Why did you choose not to tell your own story in the book?

I wanted to tell the stories of those who had suffered a loss later on in pregnancy or shortly after birth to highlight to anyone enduring the same trauma that the grief can be managed, and that there will - one day - be a light at the end of the tunnel.  Sands also works primarily with families who have suffered a stillbirth or lost a baby shortly after birth, and so choosing families who had endured similar traumas dovetailed with the work they do.

 

How did you find and choose the families you interviewed?

 

I advertised in local newspapers, and asked for people to contact me via Twitter and Facebook. It was the most effective way to obtain case studies, because in advertising for families who had experienced loss I would only be approached by those who were willing to share their stories. 

 

How did you connect with the parents whose stories you tell in this book?

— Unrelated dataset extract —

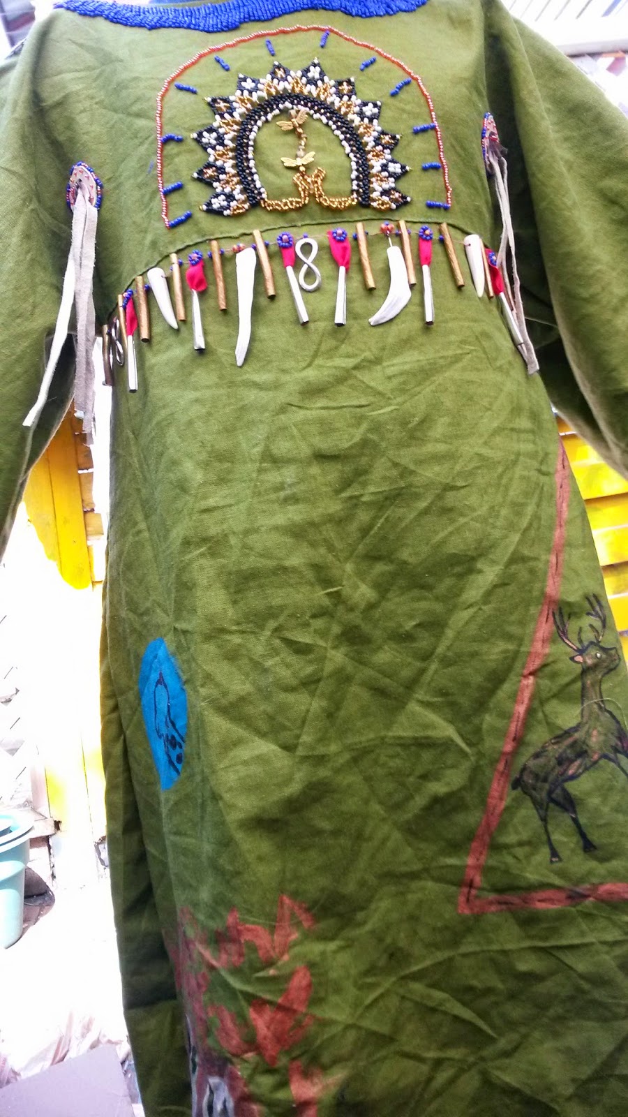 As I discussed in my post yesterday, I am really inspired by all the amazing work of native artists that the internet allows me to access. I have been trying to pull these inspirations into the first moon time dress I am making for Sophie (this is the dress for after her seclusion period). She has been helping me make design choices and we are trying to pull from the traditional designs but also work with what we have.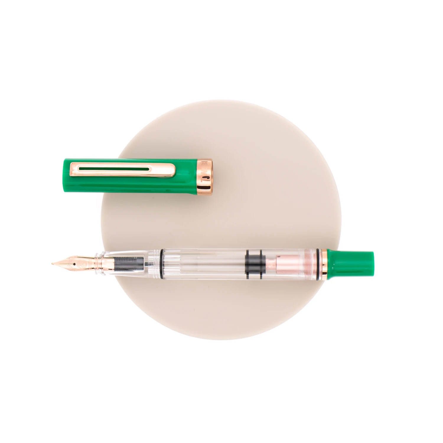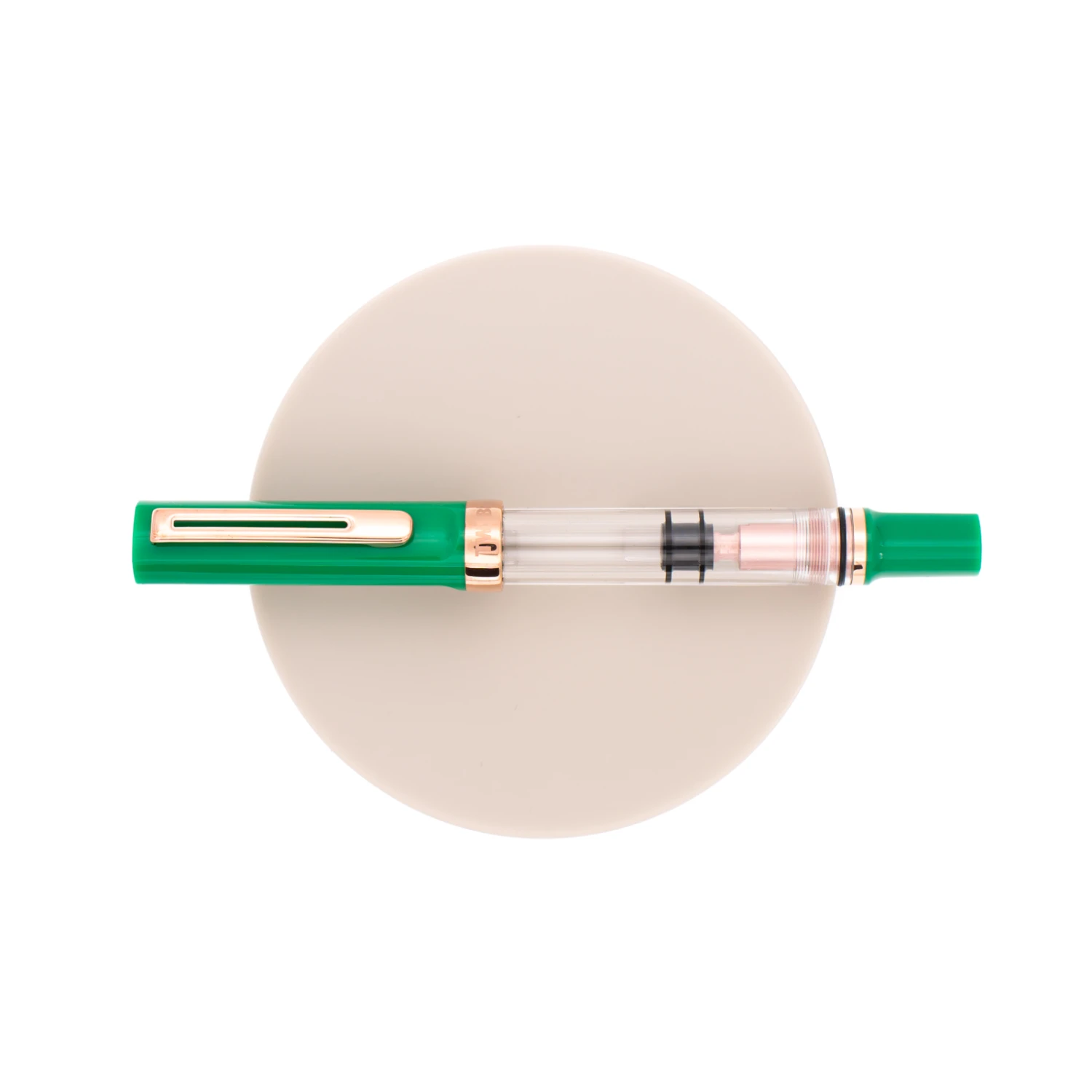 Questo set contiene una Twsbi Eco-T Royal Jade, realizzata con resina giada e finiture oro rosa, ed un inchiostro Twsbi Midnight Blue da 18 ml. Pennino in acciaio e sistema di caricamento a stantuffo realizzato in alluminio.

I have an immense amount of respect for the courage shown by the parents I interviewed.  Here I was, a complete stranger, sitting in their living room and asking them to tell me the details and emotions surrounding the darkest days of their lives. I began by reassuring them that I would never push them to tell me anything they weren't prepared to; I was approaching them as an author, not as a journalist. I also avoided preparing any questions beforehand; I didn't even have a notepad in the majority of cases. It would have restricted the interview too much. Instead, I just placed the voice recorder on the table and asked them to tell me their story. I found that the conversation flowed naturally, and that the parents were willing and open to share their thoughts and feelings with me. There were some interviews, which lasted in excess of two hours in which I asked just two or three questions.

 

What led you to write the stories as interviews instead of having the subjects write their own stories?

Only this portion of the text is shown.